◆ TASK DESCRIPTION ◆
Reproduce only the lines below from the line containing "Bonus Track |" to the line containing "Get the look", exactly as written, with both end lines kept. Omit the pictures.
━━━ MATERIAL TO PROCESS ━━━
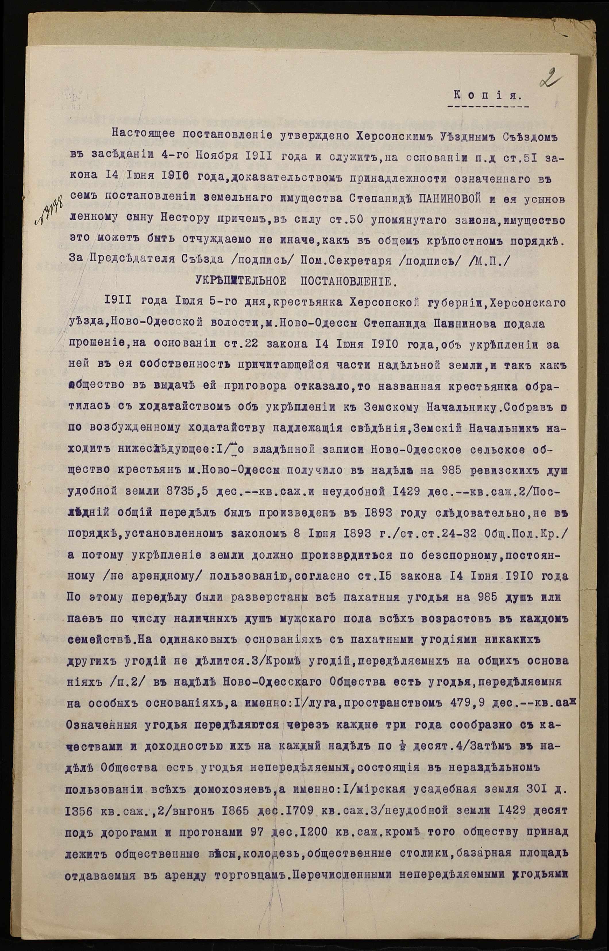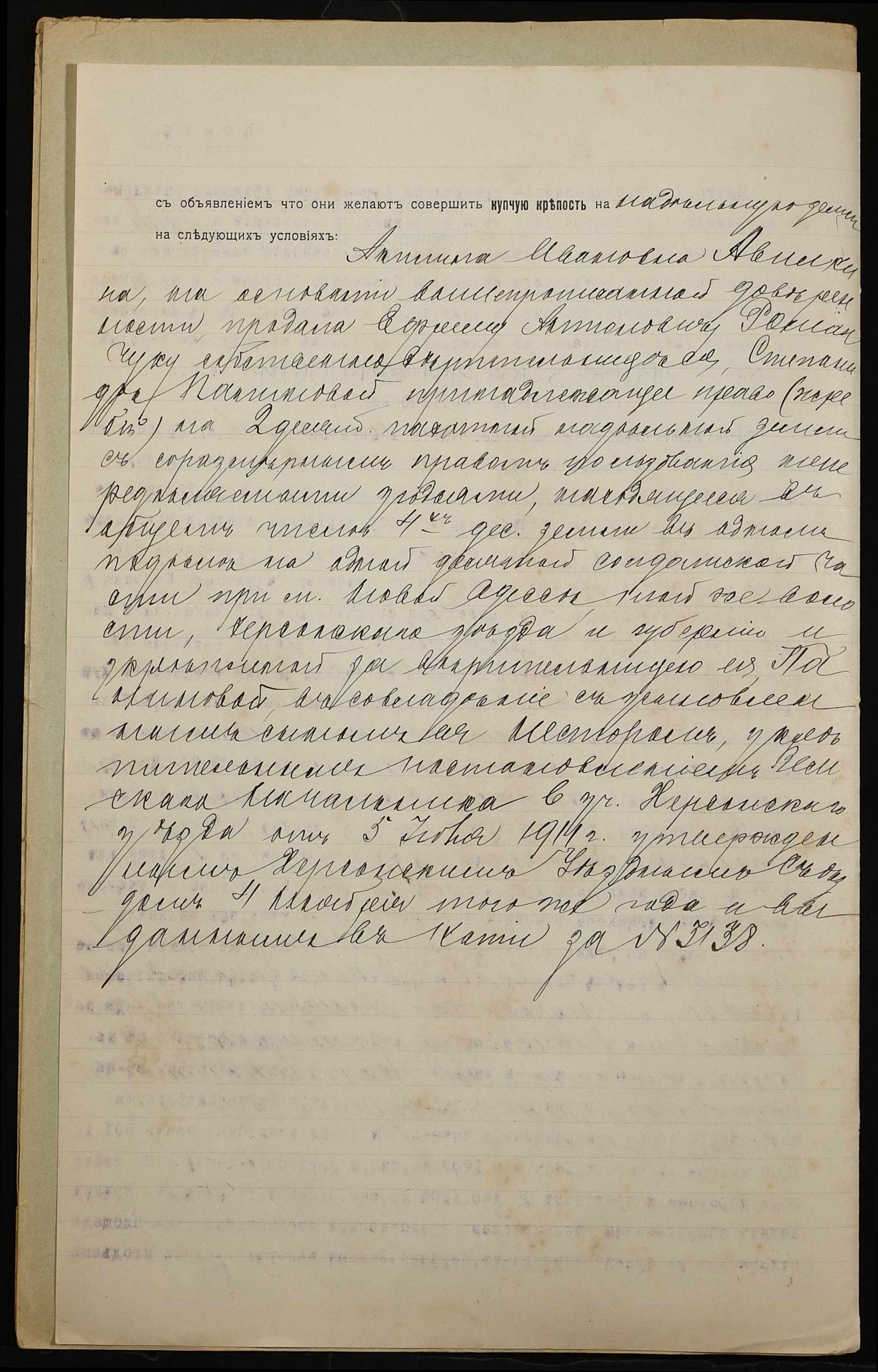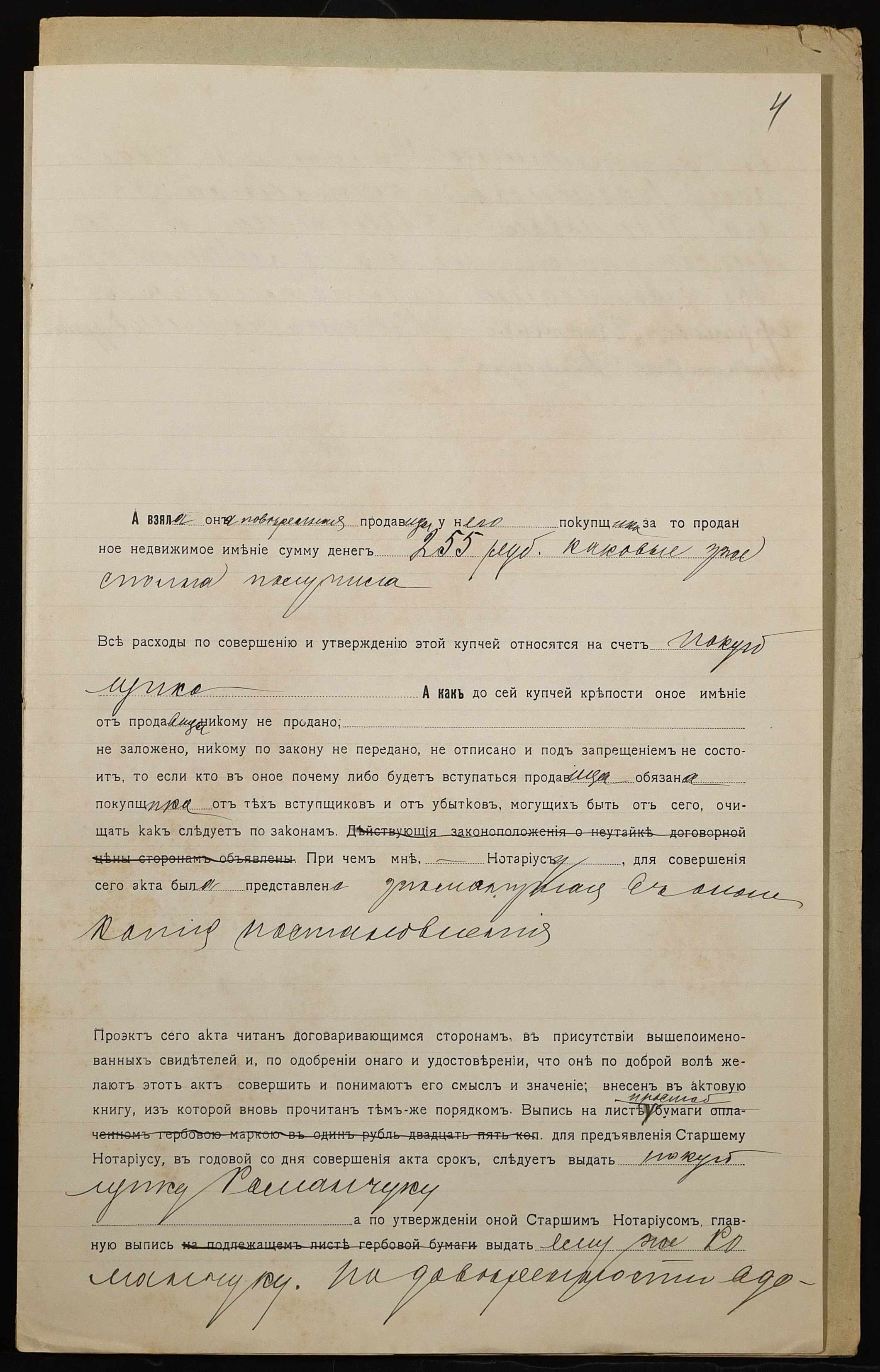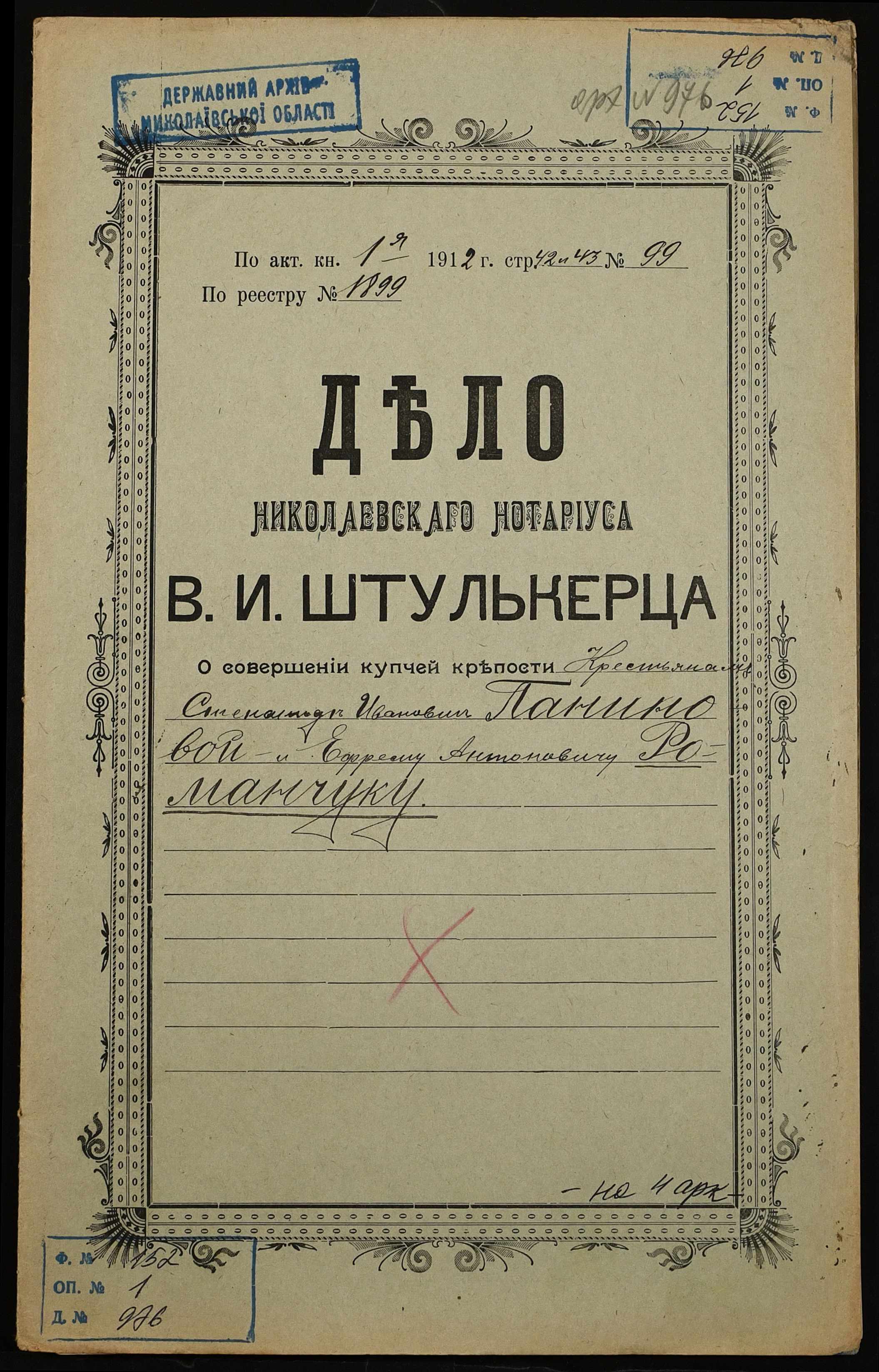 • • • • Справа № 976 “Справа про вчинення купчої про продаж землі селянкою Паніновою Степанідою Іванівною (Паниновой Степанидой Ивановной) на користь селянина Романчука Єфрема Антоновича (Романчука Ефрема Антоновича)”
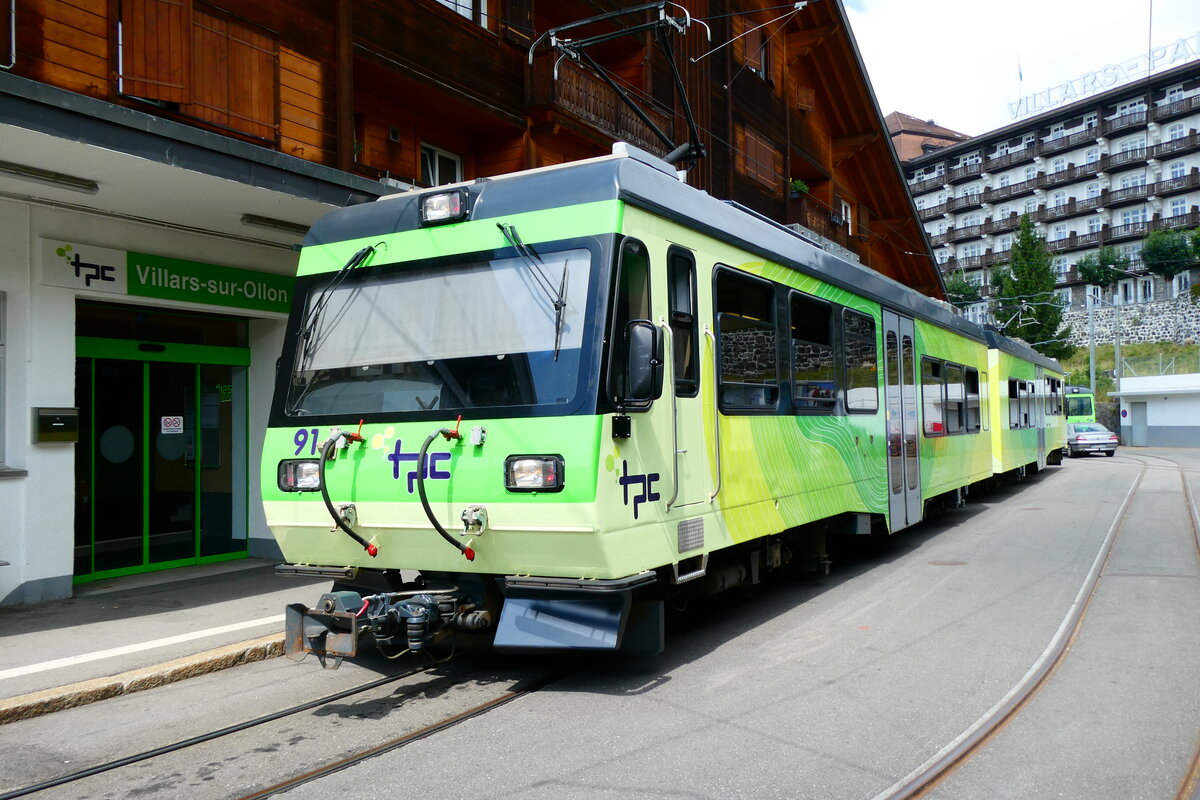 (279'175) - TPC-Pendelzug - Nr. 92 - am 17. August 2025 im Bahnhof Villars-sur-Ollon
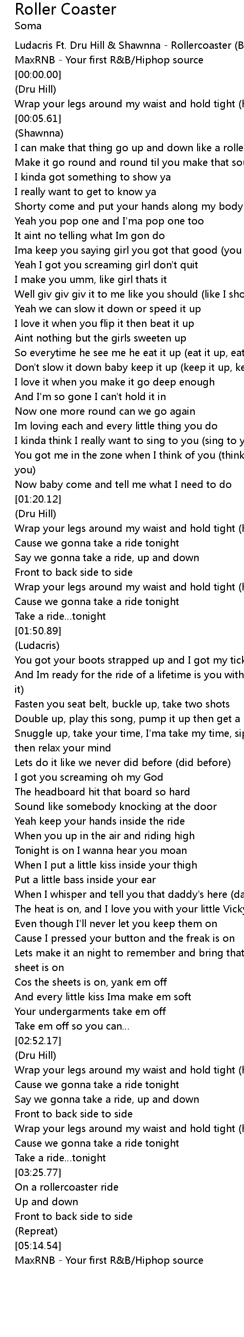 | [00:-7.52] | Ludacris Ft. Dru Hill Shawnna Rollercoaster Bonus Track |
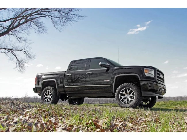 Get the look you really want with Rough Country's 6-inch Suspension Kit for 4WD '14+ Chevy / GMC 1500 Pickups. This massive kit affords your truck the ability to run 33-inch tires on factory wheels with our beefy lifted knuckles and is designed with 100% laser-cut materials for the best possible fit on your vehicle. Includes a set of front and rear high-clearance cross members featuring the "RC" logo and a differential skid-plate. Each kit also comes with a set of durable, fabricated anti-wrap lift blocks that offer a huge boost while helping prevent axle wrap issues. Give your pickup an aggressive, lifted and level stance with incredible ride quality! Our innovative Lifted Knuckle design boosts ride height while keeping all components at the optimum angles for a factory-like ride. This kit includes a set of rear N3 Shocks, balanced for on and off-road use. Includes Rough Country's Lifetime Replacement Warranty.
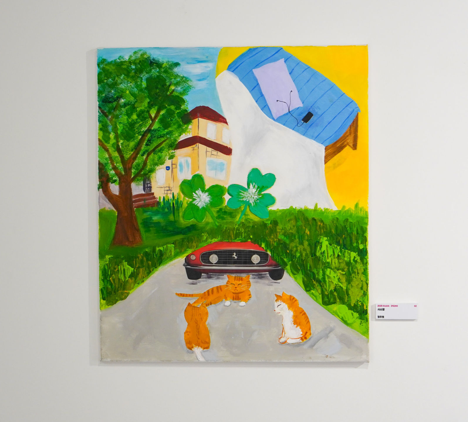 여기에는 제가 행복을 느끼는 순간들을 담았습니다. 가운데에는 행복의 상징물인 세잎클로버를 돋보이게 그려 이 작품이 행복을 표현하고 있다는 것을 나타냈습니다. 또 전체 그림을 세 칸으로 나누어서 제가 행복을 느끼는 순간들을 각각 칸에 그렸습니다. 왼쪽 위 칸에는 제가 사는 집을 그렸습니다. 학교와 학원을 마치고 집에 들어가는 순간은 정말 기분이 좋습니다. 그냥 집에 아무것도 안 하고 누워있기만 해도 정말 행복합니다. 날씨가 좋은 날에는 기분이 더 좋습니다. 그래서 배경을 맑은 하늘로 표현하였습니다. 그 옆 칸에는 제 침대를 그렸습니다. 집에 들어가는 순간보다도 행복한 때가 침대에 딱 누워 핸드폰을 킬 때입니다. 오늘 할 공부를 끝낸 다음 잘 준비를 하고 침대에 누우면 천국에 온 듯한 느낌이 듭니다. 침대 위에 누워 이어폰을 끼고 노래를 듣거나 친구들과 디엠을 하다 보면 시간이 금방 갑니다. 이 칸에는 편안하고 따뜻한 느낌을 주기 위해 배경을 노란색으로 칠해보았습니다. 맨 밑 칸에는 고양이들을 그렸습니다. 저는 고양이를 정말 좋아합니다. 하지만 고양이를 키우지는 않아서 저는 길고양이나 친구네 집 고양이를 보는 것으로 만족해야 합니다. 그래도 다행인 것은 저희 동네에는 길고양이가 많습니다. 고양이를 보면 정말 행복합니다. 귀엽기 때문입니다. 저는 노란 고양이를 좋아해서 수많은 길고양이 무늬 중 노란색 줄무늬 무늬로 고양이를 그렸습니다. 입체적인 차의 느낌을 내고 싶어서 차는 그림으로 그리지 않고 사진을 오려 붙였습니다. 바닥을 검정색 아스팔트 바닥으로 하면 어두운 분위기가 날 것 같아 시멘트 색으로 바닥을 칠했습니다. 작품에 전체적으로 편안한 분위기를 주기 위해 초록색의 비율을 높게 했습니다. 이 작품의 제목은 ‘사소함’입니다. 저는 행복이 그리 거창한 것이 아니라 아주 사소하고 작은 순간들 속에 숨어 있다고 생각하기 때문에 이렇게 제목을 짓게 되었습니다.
━━━
◆ YOUR RESPONSE ◆
 | [00:-7.52] | Ludacris Ft. Dru Hill Shawnna Rollercoaster Bonus Track |
 Get the look you really want with Rough Country's 6-inch Suspension Kit for 4WD '14+ Chevy / GMC 1500 Pickups. This massive kit affords your truck the ability to run 33-inch tires on factory wheels with our beefy lifted knuckles and is designed with 100% laser-cut materials for the best possible fit on your vehicle. Includes a set of front and rear high-clearance cross members featuring the "RC" logo and a differential skid-plate. Each kit also comes with a set of durable, fabricated anti-wrap lift blocks that offer a huge boost while helping prevent axle wrap issues. Give your pickup an aggressive, lifted and level stance with incredible ride quality! Our innovative Lifted Knuckle design boosts ride height while keeping all components at the optimum angles for a factory-like ride. This kit includes a set of rear N3 Shocks, balanced for on and off-road use. Includes Rough Country's Lifetime Replacement Warranty.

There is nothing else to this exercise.